Вов-ва-ан! Да ты: Помнишь ли ты то сиянье?! Когда мы на Пасху, напившись, как водится, вдрызг, возвращались в ночлежку сквозь Севера чёрную ночь. А? Ты помнишь? И ещё я упал, поскользнувшись на подтаявшем днём и схватившемся ночью апрельском снегу. Да, упал я лицом прямо в кучу шершавого снега весны и лицо ободрал. А? Ты помнишь, ты помнишь?!

     А ты помнишь, Вован, почему-у я упал? А? Вот то-то! Потому что сияло сиянье, и шли мы, нетрезвые очи подъяв к мерцавшему таинством чёрному небу. Ты помнишь, Вов-ва-ан?! А? Ты помнишь ли, что это было?

     О-о, бред трепещущий небесный тяжёлой коченеющей земли! Мечта дрожащая пространств недвижных ледяных бескрайних. О как хотели бы они преодолеть проклятье притяженья и претвориться в этот диамант, играющий сияньем зеленовато-бледно-голубым на ба: на бархате полярной чёрной ночи.

     А я теперь на юге – далеко-о: На юге: Дважды в день пересекаю пустыню – эти самые пески и камни, где ступали стада устойчивого в вере Авраама, сам Авраам и Иисус Христос. Здесь где-то Он сидел на жёстком камне в зловещем мёртвом мареве пустыни. Сидел тут и алкал, и горько думал.

     Я далеко теперь, и если вы хотите, чтоб я вернулся на далёкий Север – о, лишь в мучи: в м-мучительной м-мечте! – и щедрою рукой откинул полог, метелью дикой сотканный из искр, холодным голубым огнём горящих, что я могу? Такое-то пространство, такое-то безвременное время способен разве жалкий человек, как я – куда глаза глядят сбежавший – пересказать, представить, показать? Я лишь могу немного приоткрыть тот, голубым огнём горящий, полог и дать вам заглянуть туда, туда:

     

*     *     *

     Вес-на-крас-на! И к нам приходишь ты – и тает снег, и чаще сердце бьётся, и девушки становятся добрей!

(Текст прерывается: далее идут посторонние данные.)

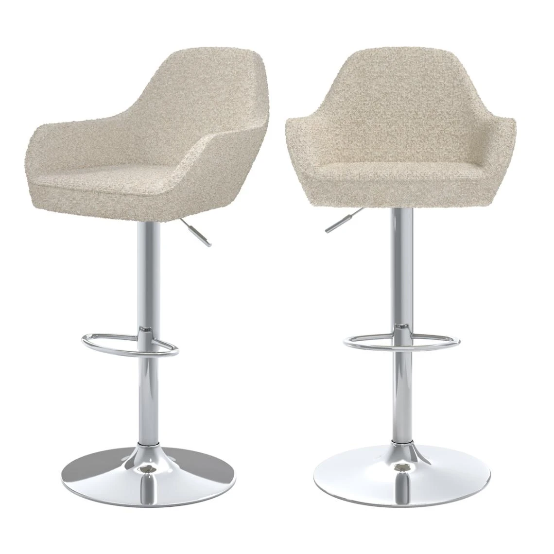 Cette paire de chaises de bar offre un rembourrage moelleux et confortable. Elle est dotée d’un repose-pied toujours bienvenu et d’un pied en métal chromé. Blanc cassé et effet argenté forment ainsi une association au charme scandinave. Fonctionnelle, elle s’ajuste en hauteur et vous pourrez donc l’installer devant une table haute ou un mange-debout. Comme son socle rond est particulièrement stable, cette assise convient à toute la famille.

     Весна-красна! Откуда ты такая – жа-ланная?! И к нам приходишь ты.

     А мы – мы улетаем от тебя. Как птицы чёрные – в уродливых бушлатах. За пазухою пряча самогон, куда, куда, куда мы улетаем от добрых девушек и от тебя – Весна-красна?!

     Такая наша доля – бродяжья, чёрная – за дли-инным, бля, рублём, Весна-красна, опять мы улетаем. На дальний Север, где ещё зима. На самый, самый, самый Крайний Север.

     Там хлябь болот. Там твёрдой нет земли. И, друг мой, там нельзя сортир построить обычно – вырыв яму. Нет, нельзя.

     Поэтому сортиры строют так : на хлябь болот кладут огромну бочку – цистерну, а не бочку! – да, кладут и подпирают, чтоб не укатилась. А над цистерной строют из досок скворешник этакий, открытый непогодам.

     Сортир готов – па-жа-алте, господа!

     Сортир готов – он высится над тундрой избушкою на курьих ножках: Нет: Пожалуй, не избушкою, а – храмом! Суровым храмом Северного Ветра.

     О господа! Не говорите всуе два этих слова: “Север” и “Зима”.

     Зима-а: До дна промёрзла хлябь болот. Ломается металл. Простёрлась тундра в морозном фантастическом дыму. А тут – урчит живот и низко давит на всё высоко-гордое в тебе. И просто: Просто некуда деваться.

     Вот час урочный бьёт – и ты выходишь под чёрное искрящееся небо в звенящий космос тундры. И идёшь. И, не дыша уже почти, восходишь во храм по шатким ледяным ступеням. И замираешь на скрипящей плахе.

     Изысканным червонным серебром замёрзшее дерьмо блестит, играет, и молча тундра смотрит на тебя мерцающими белыми глазами.

     Спасенья нет. Куда-то вниз летит – к чертям собачьим! – рвущееся сердце, и слабая дрожащая рука несмело гладит круглый лёд застёжки:

     Вот ты спускаешь ватные штаны. Сжимаешь зубы: И Полярный Ветер тебя за яйца тёплые берёт ладонью ледяной и крепко держит.

     И в этот бесконечный судный миг всё прошлое пройдёт перед тобою предсмертным расплывающимся сном. И запредельный необорный хлад оледенит такой тоскою душу!..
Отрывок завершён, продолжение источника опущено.